Sitting down with Chief Magnus: A conversation on crime and community


Crime in Richmond is down -- way down. In the first half of 2014, violent crime is has been reduced by 26%, and property crime is down 27%.  These figures come from a report released earlier this month by Chief of Police Chris Magnus. Chief Magnus, who has dedicated his lifework to community-based policing, credits the drastic reduction in crime to a focus on the community and new technologies, but warns that this trend could reverse in an instant.

"Even just one person coming back can have a huge unsettling presence in a community," Magnus explains. This is why, 35 years into a life in public safety, Magnus continues to work hard.

In many ways, Magnus' tenure in Richmond is a culmination of his lifetime in public safety. He started out in his hometown of Lansing, Michigan, a city he describes as very similar to Richmond. "They're both blue collar towns, but instead of having Chevron, we had General Motors," says Magnus. In Lansing, Magnus moved up the ranks and eventually took a job in Fargo, North Dakota as the Chief of police. With a population of about 115,000 at the time, Fargo was a larger city that what Magnus was used to, and its climate of cultural convergence --  new populations were arriving from Bosnia, Serbia and Sudan -- made getting to know the community a necessity. "It was in Fargo that I really had a chance to implement a lot of new community policing strategies. A lot had to be worked through with a huge international population entering what had been up until then a very homogenous culture."
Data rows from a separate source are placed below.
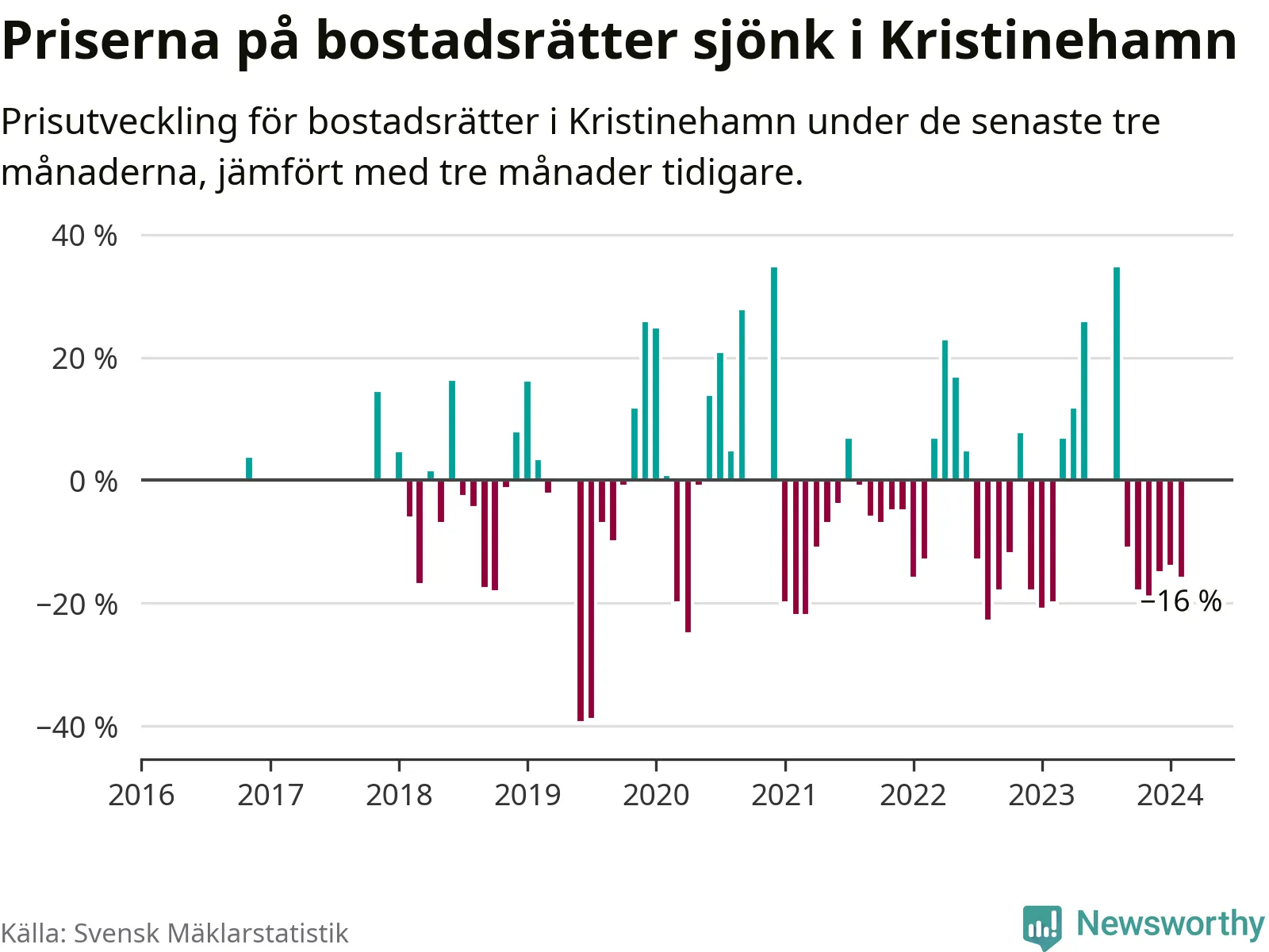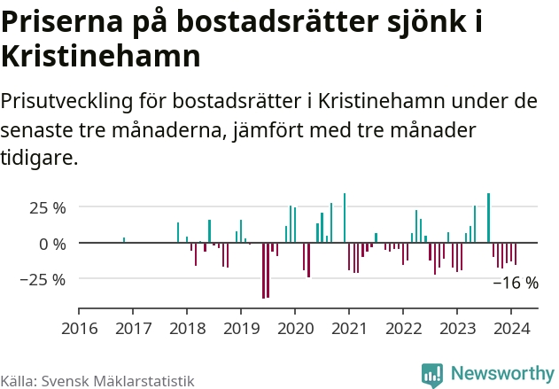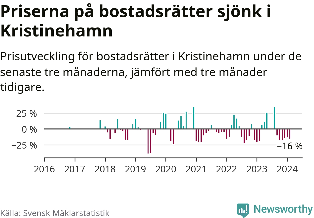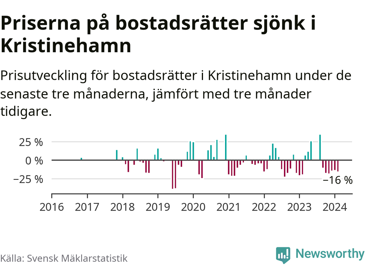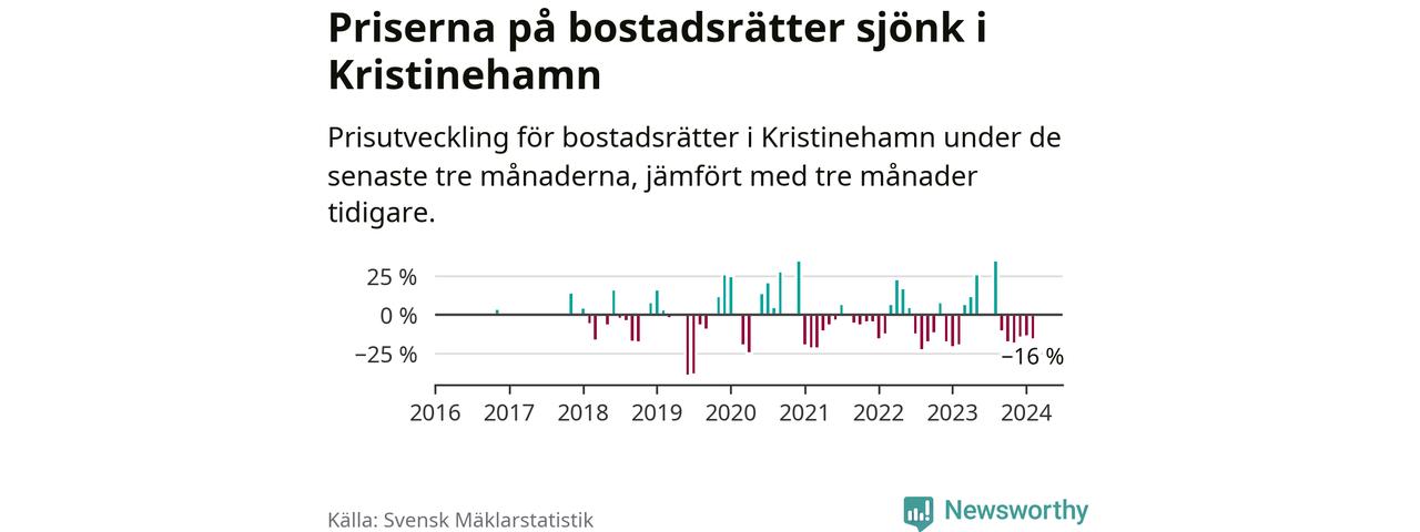 Priserna på bostadsrätter har gått ner i Kristinehamns kommun. Medelpriset på försäljningarna under de senaste tre månaderna visar på en nedgång med 16 procent.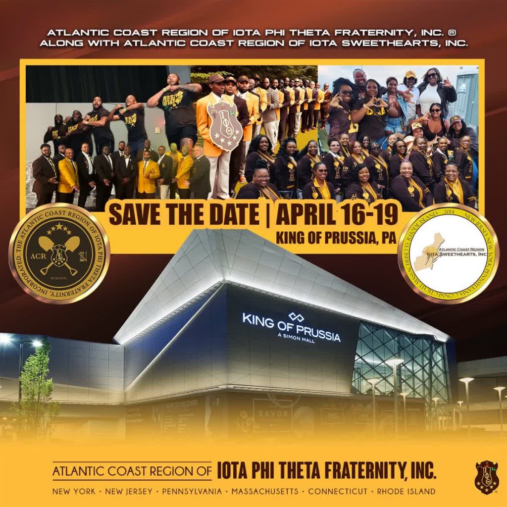The upcoming ACR Regional Conference will be in King of Prussia PA. The brothers of Iota Phi Theta Fraternity, Inc. and Iota Sweethearts, Inc. will be held on April 16th – 19th, 2026!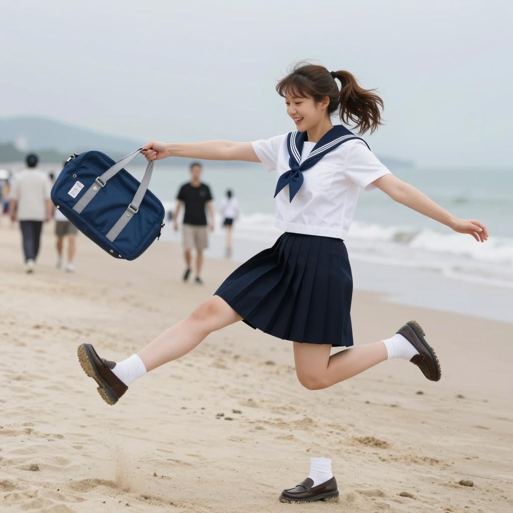 Six girls in green and white checkered skirts and blue scarves, arms outstretched, jumping into a rushing river. Water splashes around them. Background includes greenery and a wooden dock. Girls have various hair colors and styles.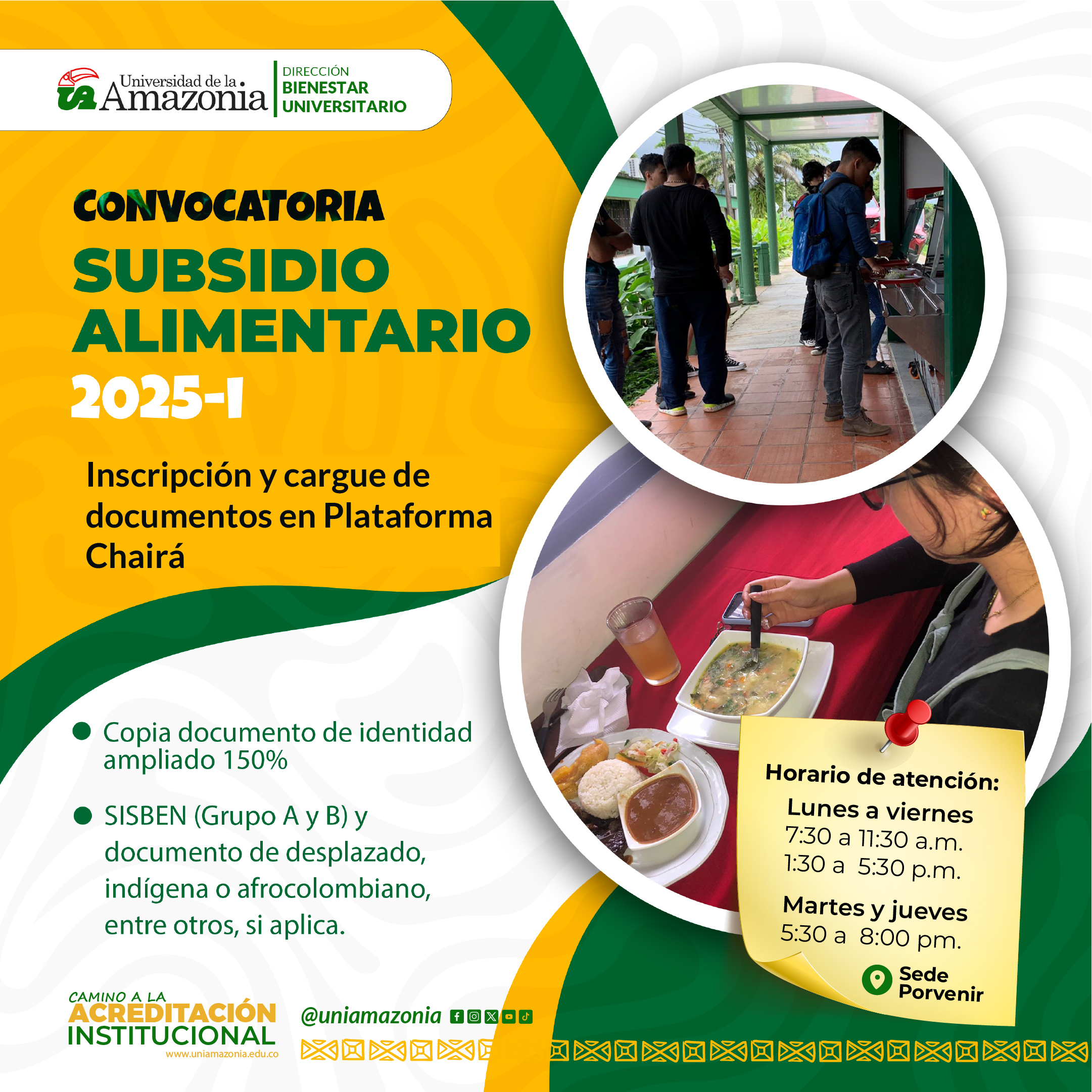 La Universidad de la Amazonia desde la Dirección de Bienestar Universitario, área de Promoción y Apoyo Socioeconómico, da a conocer a la comunidad estudiantil interesada, que se da inicio a la convocatoria del Programa Subsidio Alimentario

That was fifteen years ago. Now, nine years into his career in Richmond, Chief Magnus reflects on why Richmond initially excited him: "My interest was captured around Richmond as an opportunity to try out some of the same strategies that I had been utilizing in Fargo and Lansing to see if they would work in a city where there were the additional challenges of violent crime and a lot of history involving the police and the community that wasn't necessarily positive. I made the decision to move to Richmond to try and working together with residents to make some changes."

Magnus describes his approach as diverse, never relying on one tactic too much, while still putting community in the forefront. "I think the biggest and most important part of our policing efforts involves relationship building between residents, community folks, and the police department," Magnus explains. "When you have folks working with you as a partner, not only can you get a lot more done, but when mistakes are made or an approach was put in place that you didn't necessarily work the way you wish it did, people are a little more forgiving and understanding of how that can happen."

The Ceasefire program is an example of this partnership. The idea behind Ceasefire is to work with the community to connect with the key individuals involved in the worst of the violence and give them a choice. "On the one hand," Magnus explains, "the community will do call-ins with these individuals, and we have people meet with them and convey the message that we care about them, and that people in the community are willing to help them get out of the gang life. Then there's another message delivered, and this is from Law Enforcement, the District Attorney, Federal officers, and Richmond police, and that message is that if you are not willing to take advantage of the services and programs, be aware that we are going to be really scrutinizing what you are doing, and you're going to be held to account to the crimes you are committing."

As Chief of Police, Magnus relies on this dialogue to be effective, while also utilizing an expansive technological tool belt. One of these tools is call Shot Spotter, a system of sensors around the community that triangulates gunfire and gives the police nearly realtime information about where that gunfire is coming from so they can respond quickly to those locations.

"I like to think of my approach as full-service policing," says Magnus. "If you look back to the history of policing, it has really been about the community. The community are the police, and the police are the community. My view is that officers should police the areas they are responsible for as if they live there. I think if we take that approach, people are much more willing to be supportive and engaged and make things better and wont see us as just an occupying force."

Magnus, as a resident of Richmond, really is the community. And he finds motivation in this. "What pushes me is the idea that we can keep improving Richmond's reputation, and get rid of the image that Richmond is just a dangerous scary place, which is so far from the truth. Richmond is not perfect, we have a lot of challenges, and we are going to be dealing with crime issues. But it doesn't have to be the kind of place people are scared of or have to feel awkward about saying they even live in Richmond. This is a great place and there are a lot of exciting things happening here, and we need to get the word out about that."

That said, Magnus realizes there are many challenges moving forward. "You can never sit back and say 'mission accomplished' in this line of work. We've made a lot of strides in reducing crime, specifically violent crime, but that's never a final job where you can sit back and relax. Richmond crime has gone back and forth in the past. We've had set backs, and things can change very quickly. I think the challenge is maintaining what we're doing, to continue to try new things, to continue to build support, and be relentless in fighting crime."